EXERCISE REQUIREMENTS. Please restate, word for word, the lines below that begin at the one with "Wema NMEA2000 Silber-Serie" and end at the one with "公稱壓力J級(jí),管子外". Leave out all other lines.

EXCERPTED DATA.
-------

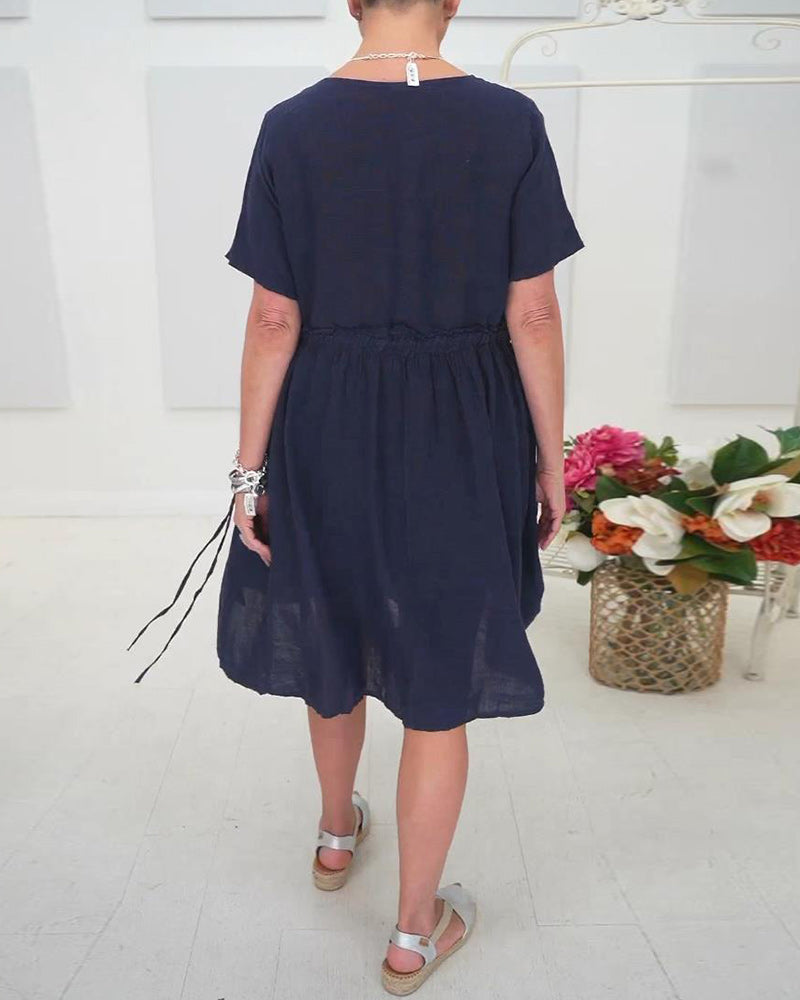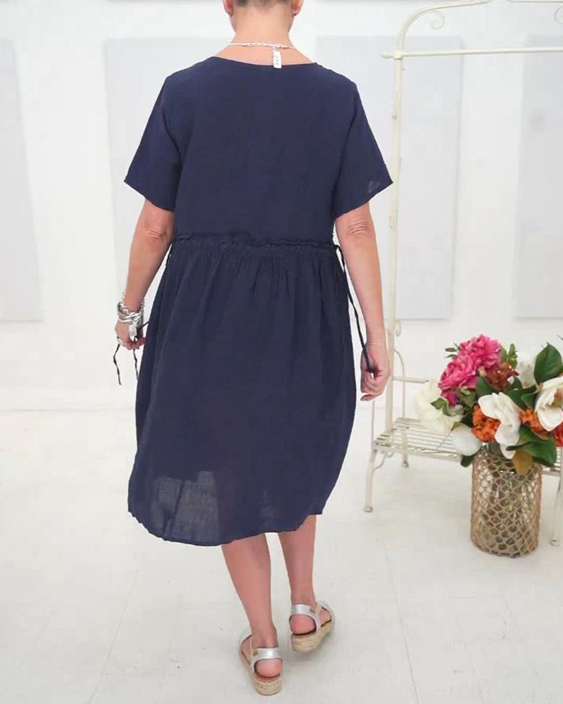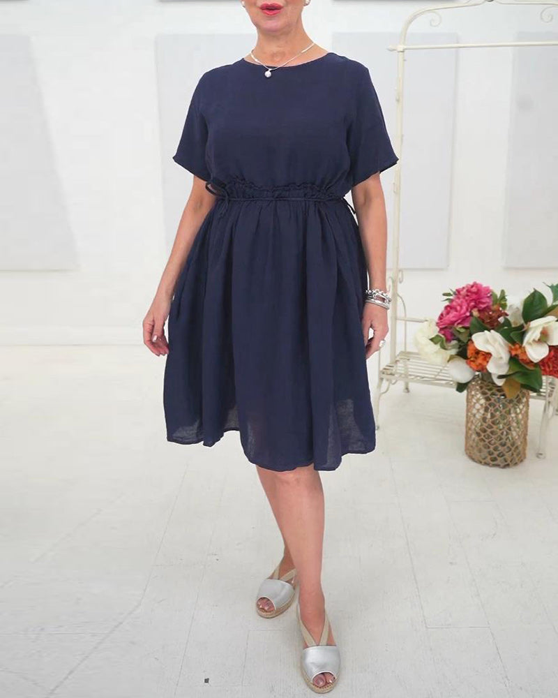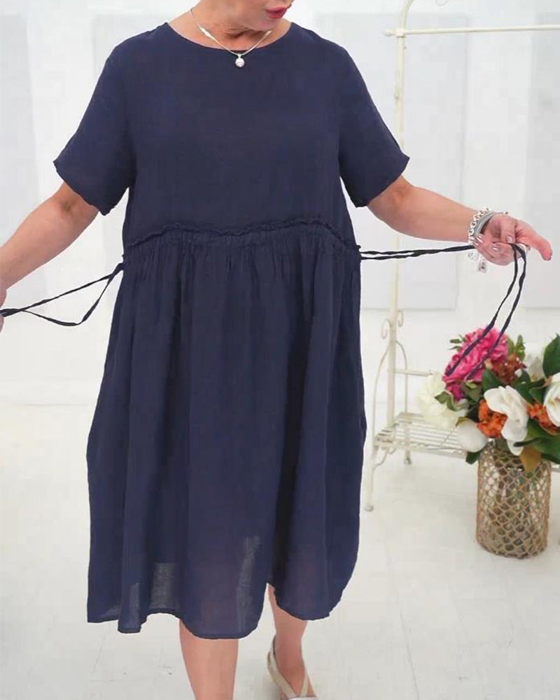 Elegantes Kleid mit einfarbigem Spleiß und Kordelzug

-------

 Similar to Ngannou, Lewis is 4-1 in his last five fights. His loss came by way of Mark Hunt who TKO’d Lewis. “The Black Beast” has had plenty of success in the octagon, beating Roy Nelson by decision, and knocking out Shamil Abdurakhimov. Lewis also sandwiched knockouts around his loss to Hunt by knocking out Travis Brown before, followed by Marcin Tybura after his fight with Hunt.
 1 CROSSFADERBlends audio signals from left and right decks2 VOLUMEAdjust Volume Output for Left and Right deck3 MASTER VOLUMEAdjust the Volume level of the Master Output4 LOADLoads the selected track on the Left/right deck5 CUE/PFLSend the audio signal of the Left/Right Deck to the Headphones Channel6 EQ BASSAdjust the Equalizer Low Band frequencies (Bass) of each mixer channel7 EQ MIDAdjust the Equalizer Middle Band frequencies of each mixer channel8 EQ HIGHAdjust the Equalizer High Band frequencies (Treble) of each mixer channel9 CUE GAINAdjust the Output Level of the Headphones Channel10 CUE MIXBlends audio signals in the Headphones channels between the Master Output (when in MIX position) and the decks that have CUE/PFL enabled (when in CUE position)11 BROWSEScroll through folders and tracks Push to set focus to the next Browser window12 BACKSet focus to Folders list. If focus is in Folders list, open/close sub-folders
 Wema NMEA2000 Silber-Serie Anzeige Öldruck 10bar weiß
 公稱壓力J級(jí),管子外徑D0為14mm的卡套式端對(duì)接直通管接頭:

-------

RESULT BELOW.
 Wema NMEA2000 Silber-Serie Anzeige Öldruck 10bar weiß
 公稱壓力J級(jí),管子外徑D0為14mm的卡套式端對(duì)接直通管接頭:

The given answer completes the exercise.